林巧云把月子里的鸡蛋省出来送她,这份心意比什么都重。
“嫂子,谢谢你。”苏念安把手帕包好,声音轻轻的。
林巧云拉住她的手,使劲摇了两下:“该我谢你才对。念安,以后你有什么事尽管来找我,咱们是邻居,别见外。”
苏念安点头笑了。
林巧云又跟王桂花寒暄了几句,说了些客气话,才抱着孩子回去了。
院门关上之后,王桂花“噔噔噔”几步蹿到苏念安跟前,一把拉住她的手,眼睛盯着那包鸡蛋。
“念安,快让婶子看看。

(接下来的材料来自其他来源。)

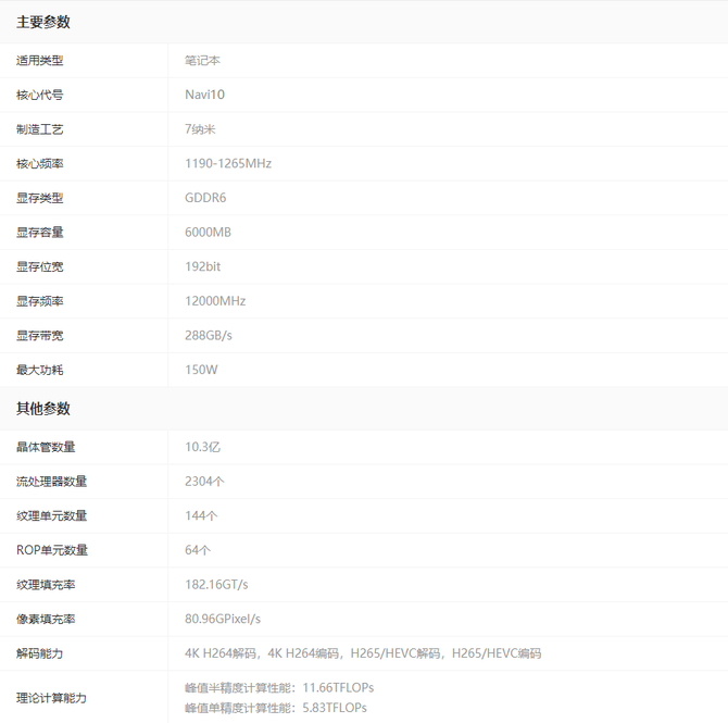 Radeon RX 5600M详细参数:
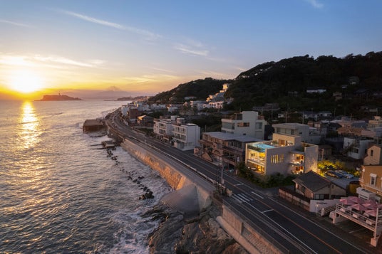 鎌倉・稲村ヶ崎は、相模湾に面した岬で、浜の奥行きが浅く、潮位が上がるほど海との距離を近く感じられる地形が特徴です。
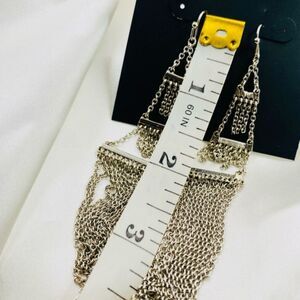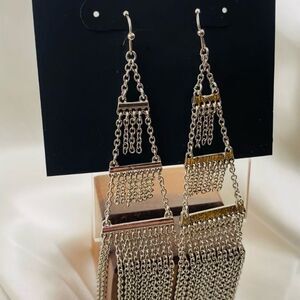 Elegant silver chain fringe earrings. Perfect for adding a touch of glamour. Stunning silver chain fringe dangle earrings, perfect for adding a touch of elegance to any outfit. These statement earrings feature a unique layered design with multiple strands of delicate chains creating a beautiful fringe effect. They are lightweight and comfortable to wear for extended periods. These earrings are brand new with tags (NWT).
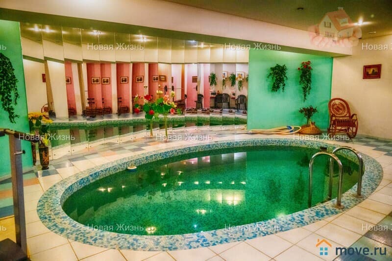 Цокольный этаж: гараж 60 кв. м. на две машины. Бассейн 60 кв.м., противосток, вентиляция приточно-вытяжная, осушитель воздуха, теплый пол. Сауна, душ, раздевалка, туалет, котельная, фильтровальная, винный погреб, постирочная, кладовая, тренажерный зал.
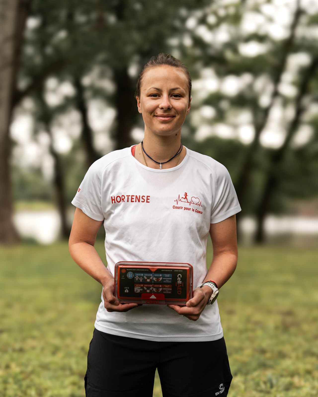 Depuis, l’aventure s’accélère. L’association organise des courses solidaires, sensibilise aux massages cardiaques et collecte des fonds. Hortense s’engage aussi dans une nouvelle étape : porter partout avec elle un défibrillateur portable, le CellAED®, développé par l’entreprise TaTonDef’, dont elle est devenue ambassadrice. « Je cours avec, je me balade avec, je l’ai toujours sur moi. Parce qu’un arrêt cardiaque peut arriver n’importe quand, à n’importe qui. » Mais Hortense regarde déjà plus loin. Marathon après marathon, elle rêve de repousser ses propres limites.
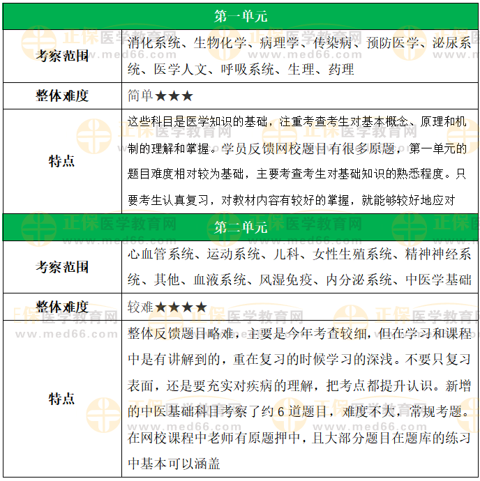 2.与2024年相比,各单元考试科目范围基本保持一致:第一单元继续以基础医学、预防医学、医学人文等记忆类题目为主,第二单元主要考察临床医学与中医基础部分。需注意的是,单元间科目划分并非绝对,存在交叉情况,例如消化、泌尿、传染病等临床科目内容,也会少量出现在第一单元中。此外,今年中医题目难度依然不高,据考生反馈考查6道,基本各章节覆盖1道,均为常见考点。
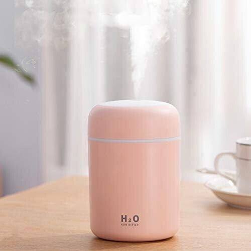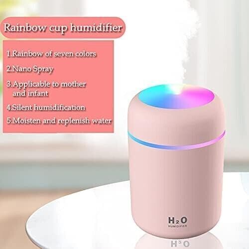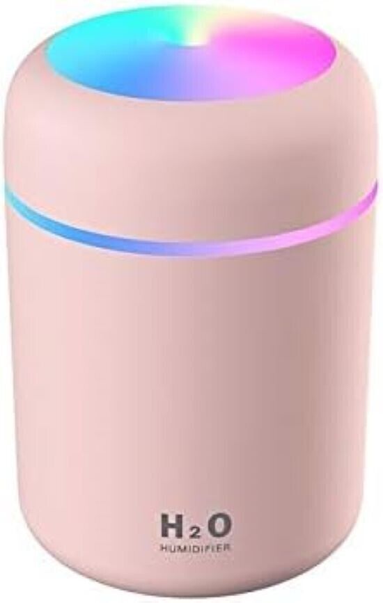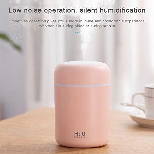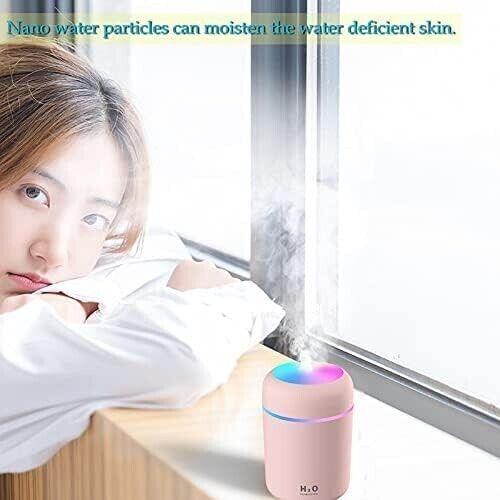 Mini umidificatore ad ultrasuoni con 2 modalità di nebulizzazione regolabili, spegnimento automatico e luce notturna colorata, portatile USB (rosa)
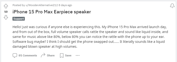 Jedna z osób wspomina, iż otrzymała model Pro Max w momencie premiery i już przy pierwszej próbie testowania głośników wręcz przeraziła się jakością dźwięku. Niektórzy dają znać, iż sytuacja ma miejsce przy określonych filmach bądź konkretnych zakresach częstotliwości. Pojawiają się porównania do głośników zalanych cieczą.
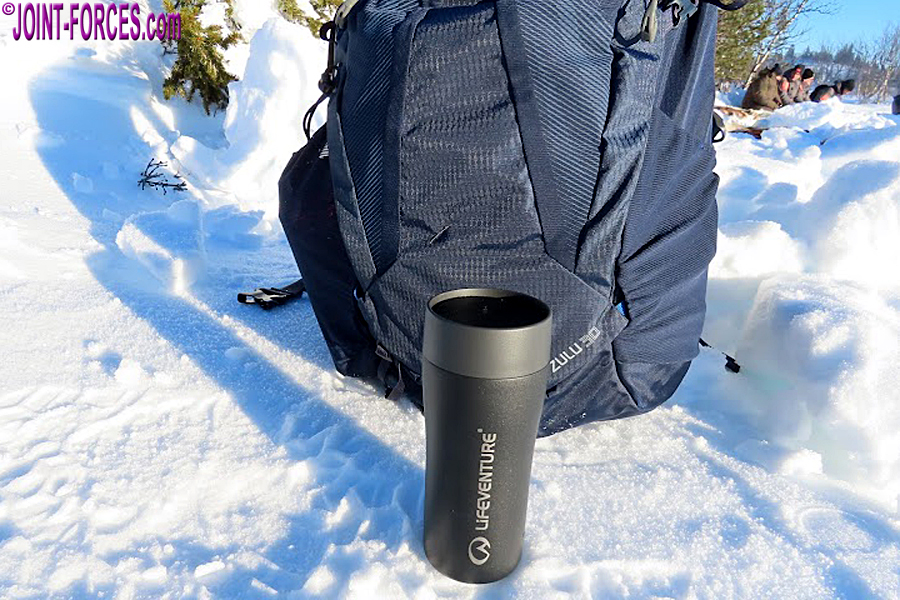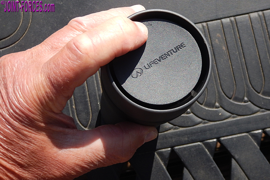 One feature I really like is the rubber non-slip base, which makes it safe to perch on a desk or vehicle bonnet and even more secure on that handy rock when outdoors ~ a nice touch. Mine is a ‘tactical black’ and there are four other colours available and its capacity is 350ml or 12 oz. This metal mug is well insulated, using vacuum and a copper coating to keep your brew hot or your cold drink cold. I even used this one in Sweden to prevent my cold drinking water from freezing in the well sub-zero temperatures. All-in-all, a very good and practical mug.
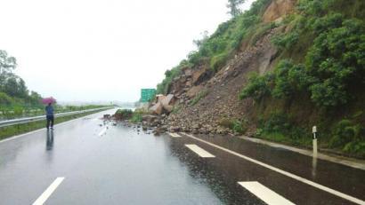 连日降雨 塌方致高速路面被阻

”
苏念安把手帕打开,两个鸡蛋安安静静地躺在里面。
王桂花吸了一口气:“两个,个头还不小。”
她伸手摸了摸,小心翼翼的,像在摸瓷器。
“念安啊,你可知道这两个鸡蛋什么分量?”
苏念安笑了一下:“知道,婶子,月子里的产妇省出来的,金贵着呢。”
王桂花直起腰,看苏念安的眼神和昨天完全不一样了。
昨天那种审视、试探、盘算的意味全没了,换成了一种说不清道不明的满意。
“念安,你这丫头,我原以为你来了是多张嘴吃饭,没想到你这刚来一天,就帮上陆家的忙了。”
她说着搓了搓手,声音压低了一点,带着点掩不住的得意。
“你知道吗,陆副团长可是咱大院二把手,他太太跟你处好了关系,以后咱家在这院里,那是谁都得高看一眼的。”
苏念安把鸡蛋递给王桂花:“婶子,这个您收着,晚上给苏叔补补身子。”
王桂花一把推回来:“你的,你留着吃,你瘦成那样。”
“婶子,一家人不分你我,您说的。”
王桂花愣了一下,然后笑了,笑得眼睛都眯起来了。
“你这丫头,嘴甜。”
她接过鸡蛋,小心翼翼地捧着往屋里走,嘴巴里还念叨着。
“晚上给你炒鸡蛋,放葱花,我那儿还有点猪油,香得很。”
苏念安站在院子里,看着苏婶捧着鸡蛋进屋的背影,嘴角弯了弯。
她从洗衣盆旁边捡起一块搓到一半的布巾继续洗。
冷水浸着手指,有点冻,但心里暖烘烘的。
洗完衣服晾好,苏婶端出了早饭。
还是窝窝头和稀饭,外加一小碟咸菜。
苏念安坐在院子里的小板凳上,掰着窝窝头一口一口地啃。
苞米面的味道在嘴里散开,带着粗粮特有的甜。
太阳已经升起来了,秋天的阳光暖暖的,照在身上不冷不热。
院子里晒着的衣服被风吹得轻轻摆动,远处传来大院场上出的口号声,整齐得像节拍器。
子好像突然就踏实了。
昨天这个时候她还晕在路上,今天就有了一铺床、一碗饭和一个愿意护着她的苏叔、开始接纳她的苏婶,还有一个真心感谢她的邻居嫂子。
苏念安咬了一口窝窝头,嚼得很慢。
就在这时候,远处的方向飘来一阵哭声。
不是一个婴儿在哭,是好几个。
高高低低的,有的尖锐有的沉闷,隔得很远,但在安静的早晨里格外明显。
苏念安的耳朵动了一下。
那些哭声钻进她的脑子里,系统像是自动开了频道。
信号很弱,断断续续的,大部分都是模糊的噪音,但偶尔有一两个词蹦出来。
“……胀……”
“……不要不要……”
“……哇……妈妈……”
全是模糊的碎片,拼不出完整的意思。
苏念安愣了一下,手里的窝窝头悬在半空。
她的目光越过院墙,看向大院深处那些家属区的方向。
王桂花从屋里出来,顺着她的目光看了看。